Use of films in the classroom
Non-print materials, such as DVDs and videos, have become increasingly valuable sources of information and creative expression. While most school districts support the use of visual media in the instructional program, teachers are expected to use sound professional judgment when selecting a film and other media resources to use with students. Also, faculty must be aware of both the Federal Copyright Law and the Fair Use practices as they apply to the use of such media in the classroom.
Teachers should properly inform students of the content of the movie, regardless of its rating, and give students choosing not to view the movie the option of an alternative assignment. If a parental permission slip is needed to show the film/video, the parents and students should receive the permission slip at least five school days prior to the viewing.
By law, when a teacher shows any video that does not include “public performance rights,” he or she must comply with the “Fair Use” provision and Chapter 1, Section 110 of the Copyright Law. The following is a summary of the guidelines from those documents.
Videos shown in school should …
- be used with students in “face-to-face” instruction with the teacher.
- be directly related to the curriculum and to the current instruction.
- be correlated to instructional objectives.
- be shown in the normal instructional setting, not in such large group settings as the auditorium.
- not be used for extracurricular, reward or recreational use.
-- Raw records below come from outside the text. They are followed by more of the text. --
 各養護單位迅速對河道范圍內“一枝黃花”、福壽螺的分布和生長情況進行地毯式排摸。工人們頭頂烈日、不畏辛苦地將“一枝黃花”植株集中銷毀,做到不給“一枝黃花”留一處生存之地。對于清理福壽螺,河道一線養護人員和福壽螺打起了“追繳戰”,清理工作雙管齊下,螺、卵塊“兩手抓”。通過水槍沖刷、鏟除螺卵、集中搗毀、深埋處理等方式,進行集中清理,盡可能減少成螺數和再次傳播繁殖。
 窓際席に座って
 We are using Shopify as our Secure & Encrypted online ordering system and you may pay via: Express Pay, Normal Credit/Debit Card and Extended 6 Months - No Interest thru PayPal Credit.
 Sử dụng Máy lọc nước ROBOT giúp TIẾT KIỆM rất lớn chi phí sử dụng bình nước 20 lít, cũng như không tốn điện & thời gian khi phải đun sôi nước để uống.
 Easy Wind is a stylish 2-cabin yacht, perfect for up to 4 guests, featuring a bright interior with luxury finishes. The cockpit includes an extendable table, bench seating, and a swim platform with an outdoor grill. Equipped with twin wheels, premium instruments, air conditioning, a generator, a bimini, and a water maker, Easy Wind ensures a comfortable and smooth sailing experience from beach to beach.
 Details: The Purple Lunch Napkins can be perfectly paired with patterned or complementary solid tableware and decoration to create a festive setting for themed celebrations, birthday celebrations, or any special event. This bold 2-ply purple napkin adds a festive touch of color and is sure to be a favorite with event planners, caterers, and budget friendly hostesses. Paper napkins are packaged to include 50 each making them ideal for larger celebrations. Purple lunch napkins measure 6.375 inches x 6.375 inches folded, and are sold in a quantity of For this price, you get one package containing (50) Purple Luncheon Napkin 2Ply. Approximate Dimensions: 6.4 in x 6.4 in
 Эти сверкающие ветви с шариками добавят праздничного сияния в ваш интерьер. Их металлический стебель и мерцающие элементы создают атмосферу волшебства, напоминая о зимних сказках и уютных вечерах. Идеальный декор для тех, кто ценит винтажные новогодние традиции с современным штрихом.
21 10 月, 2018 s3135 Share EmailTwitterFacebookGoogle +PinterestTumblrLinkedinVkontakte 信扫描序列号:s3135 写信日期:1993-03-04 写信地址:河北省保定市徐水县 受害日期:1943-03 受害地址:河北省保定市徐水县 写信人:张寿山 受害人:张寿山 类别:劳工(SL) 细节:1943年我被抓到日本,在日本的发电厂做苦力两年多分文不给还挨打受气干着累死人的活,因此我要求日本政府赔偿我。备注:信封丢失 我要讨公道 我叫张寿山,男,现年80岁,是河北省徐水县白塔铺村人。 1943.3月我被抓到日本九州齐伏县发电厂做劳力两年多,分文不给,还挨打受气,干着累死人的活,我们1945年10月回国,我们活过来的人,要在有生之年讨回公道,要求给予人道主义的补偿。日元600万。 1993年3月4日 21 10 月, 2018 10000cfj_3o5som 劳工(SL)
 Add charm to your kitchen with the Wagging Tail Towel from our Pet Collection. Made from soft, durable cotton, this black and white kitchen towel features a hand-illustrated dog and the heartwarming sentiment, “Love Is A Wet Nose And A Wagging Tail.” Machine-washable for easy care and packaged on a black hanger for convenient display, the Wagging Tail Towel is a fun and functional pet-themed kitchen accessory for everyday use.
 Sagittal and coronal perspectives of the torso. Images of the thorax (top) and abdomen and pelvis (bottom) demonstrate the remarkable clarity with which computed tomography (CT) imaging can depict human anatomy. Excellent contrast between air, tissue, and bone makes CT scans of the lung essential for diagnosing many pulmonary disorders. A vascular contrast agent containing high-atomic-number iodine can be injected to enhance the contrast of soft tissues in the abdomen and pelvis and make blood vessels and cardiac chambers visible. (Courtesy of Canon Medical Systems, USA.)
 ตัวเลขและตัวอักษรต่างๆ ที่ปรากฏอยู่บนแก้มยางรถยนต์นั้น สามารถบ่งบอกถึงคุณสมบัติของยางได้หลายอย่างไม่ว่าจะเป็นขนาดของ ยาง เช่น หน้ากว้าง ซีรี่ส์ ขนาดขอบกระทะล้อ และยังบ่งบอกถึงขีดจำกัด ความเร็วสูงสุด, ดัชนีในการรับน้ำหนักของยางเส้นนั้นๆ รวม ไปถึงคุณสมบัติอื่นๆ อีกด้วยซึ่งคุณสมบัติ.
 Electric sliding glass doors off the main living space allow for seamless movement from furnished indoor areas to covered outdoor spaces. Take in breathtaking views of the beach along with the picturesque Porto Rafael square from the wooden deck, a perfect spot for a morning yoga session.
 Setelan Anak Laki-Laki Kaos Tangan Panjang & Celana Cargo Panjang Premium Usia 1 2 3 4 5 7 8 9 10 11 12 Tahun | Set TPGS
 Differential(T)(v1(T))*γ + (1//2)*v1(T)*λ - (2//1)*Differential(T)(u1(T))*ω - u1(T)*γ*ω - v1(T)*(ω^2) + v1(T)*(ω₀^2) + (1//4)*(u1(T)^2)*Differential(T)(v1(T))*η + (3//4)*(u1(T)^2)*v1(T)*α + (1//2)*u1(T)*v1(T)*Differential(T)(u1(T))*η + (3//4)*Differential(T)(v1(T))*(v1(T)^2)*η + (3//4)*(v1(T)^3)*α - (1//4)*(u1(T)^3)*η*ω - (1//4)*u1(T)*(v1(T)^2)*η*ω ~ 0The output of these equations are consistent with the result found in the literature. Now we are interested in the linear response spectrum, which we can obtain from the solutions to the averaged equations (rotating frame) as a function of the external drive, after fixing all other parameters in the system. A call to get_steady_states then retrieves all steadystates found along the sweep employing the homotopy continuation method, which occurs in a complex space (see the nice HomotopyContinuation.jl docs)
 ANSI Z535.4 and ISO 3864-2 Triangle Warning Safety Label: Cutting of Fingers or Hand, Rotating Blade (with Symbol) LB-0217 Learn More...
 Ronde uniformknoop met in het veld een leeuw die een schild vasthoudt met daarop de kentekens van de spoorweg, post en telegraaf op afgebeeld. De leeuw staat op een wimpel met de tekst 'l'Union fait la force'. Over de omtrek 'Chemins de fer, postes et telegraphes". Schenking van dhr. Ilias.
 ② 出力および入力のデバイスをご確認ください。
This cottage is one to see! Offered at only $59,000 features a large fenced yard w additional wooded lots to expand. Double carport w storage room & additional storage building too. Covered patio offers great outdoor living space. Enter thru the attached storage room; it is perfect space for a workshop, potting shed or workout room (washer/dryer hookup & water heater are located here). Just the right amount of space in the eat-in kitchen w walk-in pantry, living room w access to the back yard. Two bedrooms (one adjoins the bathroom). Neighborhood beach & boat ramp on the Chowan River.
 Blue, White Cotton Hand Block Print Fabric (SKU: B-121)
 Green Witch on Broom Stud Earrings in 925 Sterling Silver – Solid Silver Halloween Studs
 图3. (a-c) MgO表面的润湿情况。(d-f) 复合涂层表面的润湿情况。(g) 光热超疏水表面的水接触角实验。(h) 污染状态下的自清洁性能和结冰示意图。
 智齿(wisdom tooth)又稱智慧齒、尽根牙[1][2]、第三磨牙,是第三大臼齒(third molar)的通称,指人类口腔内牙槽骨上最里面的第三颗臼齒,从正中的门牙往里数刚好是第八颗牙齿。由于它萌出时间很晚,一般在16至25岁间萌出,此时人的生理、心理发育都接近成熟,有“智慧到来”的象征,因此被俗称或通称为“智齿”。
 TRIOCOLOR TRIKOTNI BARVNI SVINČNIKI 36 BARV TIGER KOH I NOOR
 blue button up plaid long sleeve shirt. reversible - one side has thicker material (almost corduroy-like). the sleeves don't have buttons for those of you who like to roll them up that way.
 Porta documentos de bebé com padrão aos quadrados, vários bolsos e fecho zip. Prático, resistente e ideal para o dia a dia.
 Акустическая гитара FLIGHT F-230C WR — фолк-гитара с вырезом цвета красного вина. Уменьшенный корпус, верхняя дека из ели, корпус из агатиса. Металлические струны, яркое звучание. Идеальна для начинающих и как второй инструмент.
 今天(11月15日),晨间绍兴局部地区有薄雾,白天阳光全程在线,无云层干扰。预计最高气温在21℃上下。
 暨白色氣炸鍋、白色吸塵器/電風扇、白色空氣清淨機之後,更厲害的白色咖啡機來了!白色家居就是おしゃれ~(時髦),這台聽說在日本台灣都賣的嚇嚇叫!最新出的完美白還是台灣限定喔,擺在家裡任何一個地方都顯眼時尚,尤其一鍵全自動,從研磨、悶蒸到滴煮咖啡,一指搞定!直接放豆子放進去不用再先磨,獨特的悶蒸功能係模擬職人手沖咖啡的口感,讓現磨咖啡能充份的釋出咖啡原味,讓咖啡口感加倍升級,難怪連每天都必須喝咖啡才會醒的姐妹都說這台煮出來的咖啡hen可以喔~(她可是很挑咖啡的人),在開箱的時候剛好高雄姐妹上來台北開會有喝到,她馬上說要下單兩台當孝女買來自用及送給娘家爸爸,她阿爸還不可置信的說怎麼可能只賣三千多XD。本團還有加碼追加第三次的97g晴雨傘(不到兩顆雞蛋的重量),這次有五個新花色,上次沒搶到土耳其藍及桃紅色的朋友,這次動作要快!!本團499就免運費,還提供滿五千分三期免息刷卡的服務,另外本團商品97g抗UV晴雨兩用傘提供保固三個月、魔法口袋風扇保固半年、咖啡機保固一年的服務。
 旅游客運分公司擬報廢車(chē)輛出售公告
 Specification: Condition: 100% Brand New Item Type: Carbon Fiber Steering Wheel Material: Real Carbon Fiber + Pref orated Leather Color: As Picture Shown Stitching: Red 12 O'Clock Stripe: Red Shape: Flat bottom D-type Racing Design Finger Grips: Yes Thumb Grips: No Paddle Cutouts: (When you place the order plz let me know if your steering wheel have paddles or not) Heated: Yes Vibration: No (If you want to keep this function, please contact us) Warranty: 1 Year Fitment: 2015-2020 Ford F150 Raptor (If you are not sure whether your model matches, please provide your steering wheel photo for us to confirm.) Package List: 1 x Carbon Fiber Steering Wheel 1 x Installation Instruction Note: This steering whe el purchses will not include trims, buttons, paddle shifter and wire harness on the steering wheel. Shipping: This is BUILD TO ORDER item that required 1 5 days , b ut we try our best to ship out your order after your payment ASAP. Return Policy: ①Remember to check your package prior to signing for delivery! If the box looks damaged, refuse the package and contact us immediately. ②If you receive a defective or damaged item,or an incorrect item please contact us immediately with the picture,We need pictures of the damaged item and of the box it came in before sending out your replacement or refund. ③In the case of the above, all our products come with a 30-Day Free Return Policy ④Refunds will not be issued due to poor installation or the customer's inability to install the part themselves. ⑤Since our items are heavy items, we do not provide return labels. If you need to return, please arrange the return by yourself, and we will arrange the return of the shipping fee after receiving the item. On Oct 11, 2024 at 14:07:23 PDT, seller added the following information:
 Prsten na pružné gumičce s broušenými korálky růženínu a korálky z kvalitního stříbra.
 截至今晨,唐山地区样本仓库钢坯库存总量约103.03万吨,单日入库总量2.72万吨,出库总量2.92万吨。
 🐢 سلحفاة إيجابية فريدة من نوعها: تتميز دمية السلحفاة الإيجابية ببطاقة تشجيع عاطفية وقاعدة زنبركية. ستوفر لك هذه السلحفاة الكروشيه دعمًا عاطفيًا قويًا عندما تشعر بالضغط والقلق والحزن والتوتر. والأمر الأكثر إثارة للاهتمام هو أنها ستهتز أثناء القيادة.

- not be used for fundraising, inferring that no admission may be charged for a film showing.
- be “lawfully made.” The teacher may not duplicate a copy in violation of Fair Use, without the knowledge of the copyright holder. Also, the teacher may not knowingly purchase an illegal copy.
If you tape a video from a regular, commercial or “free” network, you must apply the Fair Use guidelines. You may show the video once (implying showings for different class periods) and repeat that showing once within 10 consecutive school days of the broadcast. The clip may not be used in school after the 45-day period outlined in the fair-use guidelines.
For the following 35 days, teachers may keep the tape for evaluation purposes only. The copied video must be destroyed after 45 days. Special permission must be obtained to show any videotape or DVD recordings from cable or satellite television, such as HBO or Disney.
- “Guidelines for Showing Films in the Classroom” from Northwest Community Schools
- “Copyright Law of the United States of America and Related Laws Contained in Title 17 of the United States Code”
- “Fair Use” (U.S. Copyright Office)
- “Copyright Crash Course: and Fair Use” from the University of Texas at Austin
- “Movies and Licensing–Showing movies at school” from Portland Public Schools
- “Copyright and Fair Use” from Stanford University
- Copyright from the University of California
- Unleashing Connectivity and Entertainment in America
Clear communication with parents prevents problems
Journalism teachers need to make professional decisions about using films so each choice will enhance and will further the development of journalism skills and ethics by their students. It is also important to inform parents so they are aware of what kinds of films their students will see and will discuss.
Never show a film without previewing it. Also, never show a film or a part of the film without determining its contribution to your educational goals in the journalism classroom. In addition, inform parents about what films their students will view and how the films will encourage critical thinking and will stimulate intellectual growth as journalists. Also, incorporate classroom films and enrichment films in curriculum guides on file at your school/district.
At the beginning of each course, include a list of the ratings. Before using each film, send appropriate letters requested a signed permission response from parents. If appropriate, list films used in the course on your Web site or on a handout you develop for parents’ night.
Another way to help parents understand the pressures and the potential of journalism is to provide a selective list of journalism films they may watch on their own or with their students. Edit the list to fit the needs and the expectations of your parents. Also, avoid listing films used in academic journalism courses so that students will not be overexposed to the more selective choices.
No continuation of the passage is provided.